Yarn 高可用
Yarn 的故障转移有手动故障转移和自动故障转移, 手动故障转移是通过管理员执行 yarn 命令, 自动故障转移依赖于 Zookeeper 实现, 不需要额外的独立运行一个 ZKFC.
自动故障转移官方介绍:
The RMs have an option to embed the Zookeeper-based ActiveStandbyElector to decide which RM should be the Active. When the Active goes down or becomes unresponsive, another RM is automatically elected to be the Active which then takes over. Note that, there is no need to run a separate ZKFC daemon as is the case for HDFS because ActiveStandbyElector embedded in RMs acts as a failure detector and a leader elector instead of a separate ZKFC deamon.
yarn-site 配置, 以及具体步骤, 后续补全…
官方文档
RM 重启
RM restart 在 Hadoop 2.4 和 Hadoop 2.6 有两个不同的阶段.
- 2.4 版本, 主要是把 RM 在重启的过程中, 把正在运行的任务通过 store file 将其保存起来, 并在 recovery 过程中把其重新 load , 从而让 RM 重启后恢复之前正在运行的任务.
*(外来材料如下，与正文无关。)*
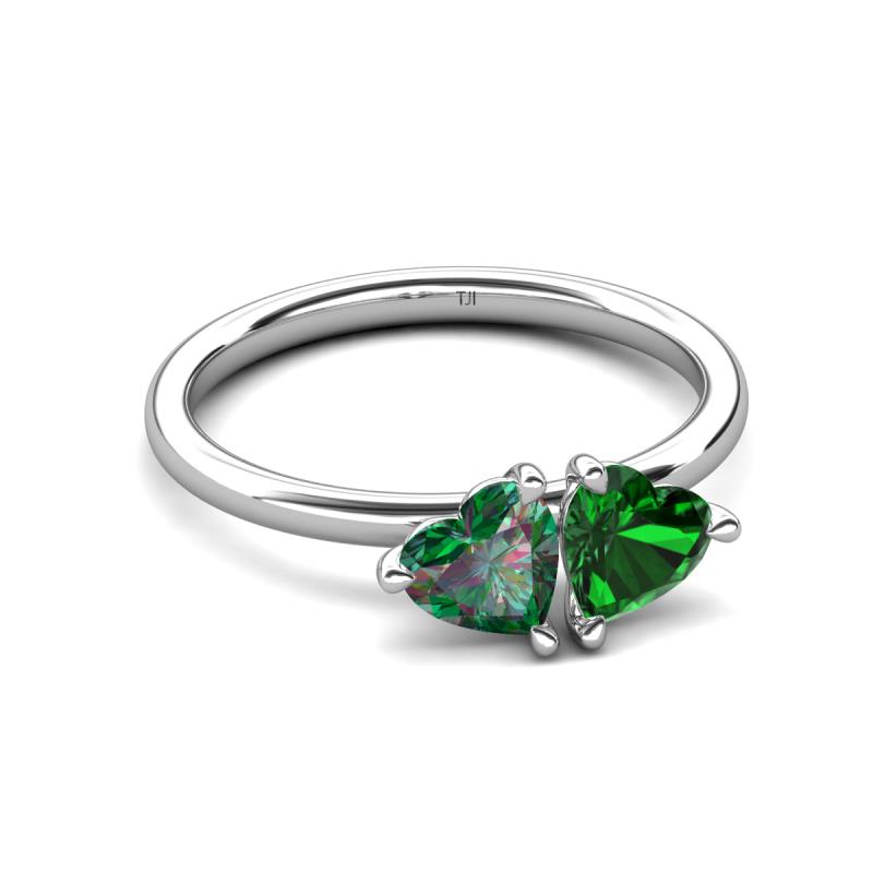1.50 ctw Heart Shape (6.00 mm) Lab Created Alexandrite & Lab Created Emerald with Tiger Claw Prong setting Two Stone Duo Women Engagement Ring in 14K White Gold More Details ...

- 而 2.6 版本在 2.4 版本的基础之上, 主要关注于 RM 运行状态的重新构建:
" Beyond all the groundwork that has been done in Phase 1 to ensure the persistency of application state and reload that state on recovery, Phase 2 primarily focuses on re-constructing the entire running state of YARN cluster, the majority of which is the state of the central scheduler inside RM which keeps track of all containers’ life-cycle, applications’ headroom and resource requests, queues’ resource usage etc. ", 由此可以知道, 在 2.6 版本的 Hadoop 之后, RM 在重启过程中不会杀死任何正在运行的 Application.